Beatrice e Celestino, "la ladra" e "l'illuso": intervista a Tommaso Ragno e Elena Radonicich
Ma Beatrice e Celestino sono molto più che "una ladra e un illuso". "Beatrice è innanzitutto una persona che non sa chi è - ci racconta Elena Radonicich alla Festa del Cinema di Roma dove il film è stato presentato in anteprima - Sicuramente fa la ladra, ma è molto distante dall'esserlo, cosa che peraltro capisce immediatamente anche Celestino. C'è una grossa distanza tra quello che si fa e quello che si è e anche se qualcuno potrebbe dire il contrario, io sono della prima scuola. Beatrice ha subito molto nella vita, probabilmente è anche una persona che si ama poco, che sa poco di sé e alla quale manca quello zoccoletto di amor proprio che serve per andare nel mondo. Dal punto di vista di Beatrice Celestino non è un illuso, credo che per lei sia un eroe perché è capace di vivere delle sue idee, sa che cosa pensa e a differenza sua sa qualcosa di sé. Il fatto che si fidi di lei, è il primo gesto d'amore vero che riceve".

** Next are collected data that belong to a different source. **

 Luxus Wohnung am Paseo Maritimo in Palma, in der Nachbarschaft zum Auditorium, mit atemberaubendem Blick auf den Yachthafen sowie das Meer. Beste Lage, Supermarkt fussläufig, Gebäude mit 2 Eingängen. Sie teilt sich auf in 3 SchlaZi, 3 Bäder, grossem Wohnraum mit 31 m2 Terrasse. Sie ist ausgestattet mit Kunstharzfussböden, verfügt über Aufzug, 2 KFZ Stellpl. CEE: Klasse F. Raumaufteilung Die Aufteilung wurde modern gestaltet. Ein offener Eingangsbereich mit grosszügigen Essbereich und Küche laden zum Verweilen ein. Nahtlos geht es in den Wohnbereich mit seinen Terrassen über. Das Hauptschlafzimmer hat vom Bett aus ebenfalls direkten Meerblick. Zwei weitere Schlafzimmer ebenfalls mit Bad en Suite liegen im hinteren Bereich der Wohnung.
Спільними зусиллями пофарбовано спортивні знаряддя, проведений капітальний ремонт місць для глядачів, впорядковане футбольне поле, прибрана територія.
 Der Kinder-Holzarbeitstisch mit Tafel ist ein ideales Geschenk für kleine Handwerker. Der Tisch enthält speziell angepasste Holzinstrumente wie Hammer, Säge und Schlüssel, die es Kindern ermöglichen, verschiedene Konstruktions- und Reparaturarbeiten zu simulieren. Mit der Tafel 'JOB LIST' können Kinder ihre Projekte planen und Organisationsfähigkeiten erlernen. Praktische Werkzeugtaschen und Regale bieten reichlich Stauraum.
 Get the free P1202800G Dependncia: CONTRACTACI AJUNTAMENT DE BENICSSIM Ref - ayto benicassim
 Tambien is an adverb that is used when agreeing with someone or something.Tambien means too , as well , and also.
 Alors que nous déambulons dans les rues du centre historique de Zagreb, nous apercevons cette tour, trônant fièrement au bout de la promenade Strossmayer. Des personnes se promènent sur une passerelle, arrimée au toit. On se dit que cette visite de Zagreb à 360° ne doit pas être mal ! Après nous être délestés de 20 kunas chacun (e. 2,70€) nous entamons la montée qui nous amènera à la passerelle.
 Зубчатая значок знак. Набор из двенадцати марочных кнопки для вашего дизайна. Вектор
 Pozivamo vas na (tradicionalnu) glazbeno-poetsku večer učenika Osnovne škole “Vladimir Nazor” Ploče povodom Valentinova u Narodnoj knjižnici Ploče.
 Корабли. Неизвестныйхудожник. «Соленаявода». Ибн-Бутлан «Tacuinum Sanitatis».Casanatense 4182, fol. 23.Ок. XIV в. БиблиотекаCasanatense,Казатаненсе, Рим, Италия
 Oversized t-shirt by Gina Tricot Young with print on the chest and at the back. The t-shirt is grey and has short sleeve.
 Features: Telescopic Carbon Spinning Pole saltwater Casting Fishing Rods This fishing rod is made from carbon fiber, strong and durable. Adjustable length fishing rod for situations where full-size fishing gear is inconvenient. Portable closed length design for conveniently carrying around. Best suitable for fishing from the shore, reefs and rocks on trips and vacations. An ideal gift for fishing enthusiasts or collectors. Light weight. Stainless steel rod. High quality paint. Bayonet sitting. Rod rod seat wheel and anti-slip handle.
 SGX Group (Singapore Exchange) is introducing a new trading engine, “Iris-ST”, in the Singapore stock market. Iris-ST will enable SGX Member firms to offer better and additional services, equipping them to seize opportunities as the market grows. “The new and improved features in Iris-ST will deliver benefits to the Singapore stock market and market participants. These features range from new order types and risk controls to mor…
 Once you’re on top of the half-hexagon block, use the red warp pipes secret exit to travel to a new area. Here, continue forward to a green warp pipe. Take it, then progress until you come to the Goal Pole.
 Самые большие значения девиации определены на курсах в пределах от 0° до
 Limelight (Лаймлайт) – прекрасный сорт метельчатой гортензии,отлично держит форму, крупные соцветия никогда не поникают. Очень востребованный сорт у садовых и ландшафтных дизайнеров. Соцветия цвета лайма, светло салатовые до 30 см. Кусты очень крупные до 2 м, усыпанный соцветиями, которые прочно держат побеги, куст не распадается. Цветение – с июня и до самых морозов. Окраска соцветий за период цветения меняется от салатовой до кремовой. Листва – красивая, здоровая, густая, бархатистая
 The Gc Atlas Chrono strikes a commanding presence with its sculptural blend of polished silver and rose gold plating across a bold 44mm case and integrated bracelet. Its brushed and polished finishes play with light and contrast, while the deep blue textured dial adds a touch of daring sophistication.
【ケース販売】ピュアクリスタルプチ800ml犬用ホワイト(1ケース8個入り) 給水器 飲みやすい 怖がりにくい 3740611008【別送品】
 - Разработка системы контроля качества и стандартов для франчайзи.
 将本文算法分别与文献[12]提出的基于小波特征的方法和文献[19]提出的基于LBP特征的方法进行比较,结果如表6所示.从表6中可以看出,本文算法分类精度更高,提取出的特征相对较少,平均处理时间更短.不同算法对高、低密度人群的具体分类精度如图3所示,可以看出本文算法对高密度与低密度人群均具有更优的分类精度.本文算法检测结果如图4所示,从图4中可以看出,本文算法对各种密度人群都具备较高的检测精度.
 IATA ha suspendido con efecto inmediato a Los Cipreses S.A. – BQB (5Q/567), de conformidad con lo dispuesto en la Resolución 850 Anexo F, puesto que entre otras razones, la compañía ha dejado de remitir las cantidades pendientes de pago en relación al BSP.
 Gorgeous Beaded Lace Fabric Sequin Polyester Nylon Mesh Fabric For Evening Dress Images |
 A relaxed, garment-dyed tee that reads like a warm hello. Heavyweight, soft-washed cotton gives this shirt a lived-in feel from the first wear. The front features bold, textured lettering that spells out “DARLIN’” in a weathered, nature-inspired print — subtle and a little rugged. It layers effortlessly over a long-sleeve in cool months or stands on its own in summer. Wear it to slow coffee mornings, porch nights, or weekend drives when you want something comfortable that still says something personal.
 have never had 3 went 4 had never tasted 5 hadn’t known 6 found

Per Tommaso Ragno invece, Celestino "si potrebbe chiamare in qualsiasi altro modo" o essere qualsiasi cosa: "Un fantasma? Un'emanazione dell'immaginazione dello spettatore? Può darsi. Celestino prende corpo quando entra in contatto con il personaggio di Elena, con tutta la sua dirompenza del femminile, dell'elemento generativo illuminante e abbagliante, con tutta la forza che il femminile è capace di portare. Senza questo elemento la figura di Celestino rimarrebbe perfettamente a proprio agio; essere isolati è una condizione importante, perché le persone giuste arrivano quando si è soddisfatti della propria solitudine".
Come rendere credibile l'artificio de L'isola degli idealisti

Per poter mettere in scena le creature de L'isola degli idealisti Sgarbi ha percorso la strada esattamente opposta a quella della naturalezza; i personaggi filosofeggiano, si abbandonano a riflessioni di tipo esistenziale e spesso parlano come un libro stampato. Il compito degli interpreti era dare forma a questo artificio nella maniera più naturale possibile, sembrerebbe un ossimoro ma non lo è: "Molto spesso si confonde la naturalezza con qualcos'altro, ma la forma è necessaria ovunque, corrisponde al contenuto. Abbiamo dovuto essere naturali proprio in questa forma. - racconta Ragno - Per poter fare questo film Elisabetta ha inventato uno stile nel quale dovevamo riuscire a essere veri, accettabili, credibili per lo spettatore, cioè niente che somigliasse a quello che si trova nella quotidianità. Per questo motivo mi piacciono tanto i film di fantascienza, perché propongono cose che non trovo nel reale".
A lezione di... paura

La lezione che hanno imparato da questo "corso di educazione"? "Niente, ho già dimenticato tutto, ma stare dentro quella dimensione ha portato qualche cosa nella mia esperienza di vita. Oggi che ne parliamo per la prima volta, mi rendo conto che quella fatta con Elisabetta è un'esperienza molto rara e di incitazione a prendersi la responsabilità della libertà del tuo mondo", confessa Ragno. Radonicich ha imparato invece "che la paura ha due grandi aspetti: uno serve a salvarti la vita, si impara da piccoli e a volte si dimentica, l'altro è che la paura spesso è timore di non essere riconoscibili o riconosciuti, e impedisce la scoperta di nuovi orizzonti. Questo film mi ha fatto molta paura mentre giravo, ma me le ha insegnato entrambe; mi ha ricordato che è importante avere alcune paure perché ci preservano ed è importante superarne altre perché ci permettono sinceramente di andare in zone sconosciute, abbandonando ciò che c'è di certo".